● Exercise description: Since only part of the material below is wanted, output exactly the lines from the one with "NUS shuttle bus" up to and including the one with "My buddy brought".

● Data to examine:
————————
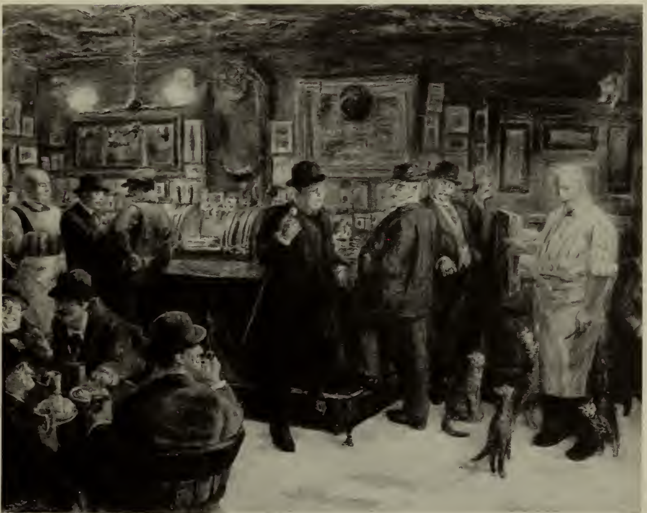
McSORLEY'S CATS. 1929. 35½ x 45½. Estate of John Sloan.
————————
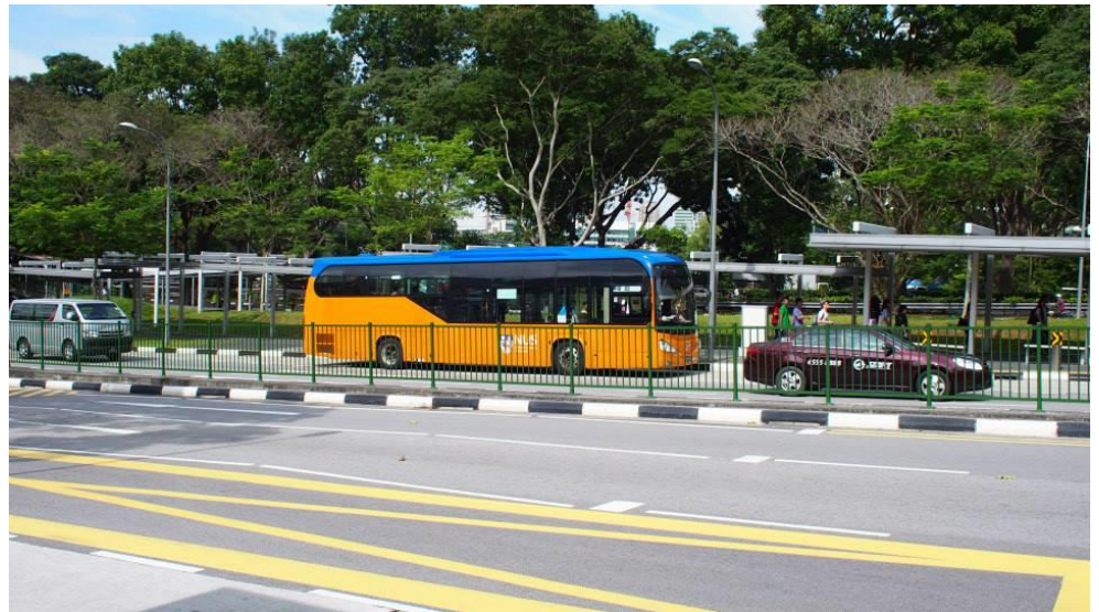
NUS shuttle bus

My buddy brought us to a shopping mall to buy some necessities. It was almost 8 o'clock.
————————
● Written answer:
NUS shuttle bus

My buddy brought us to a shopping mall to buy some necessities. It was almost 8 o'clock.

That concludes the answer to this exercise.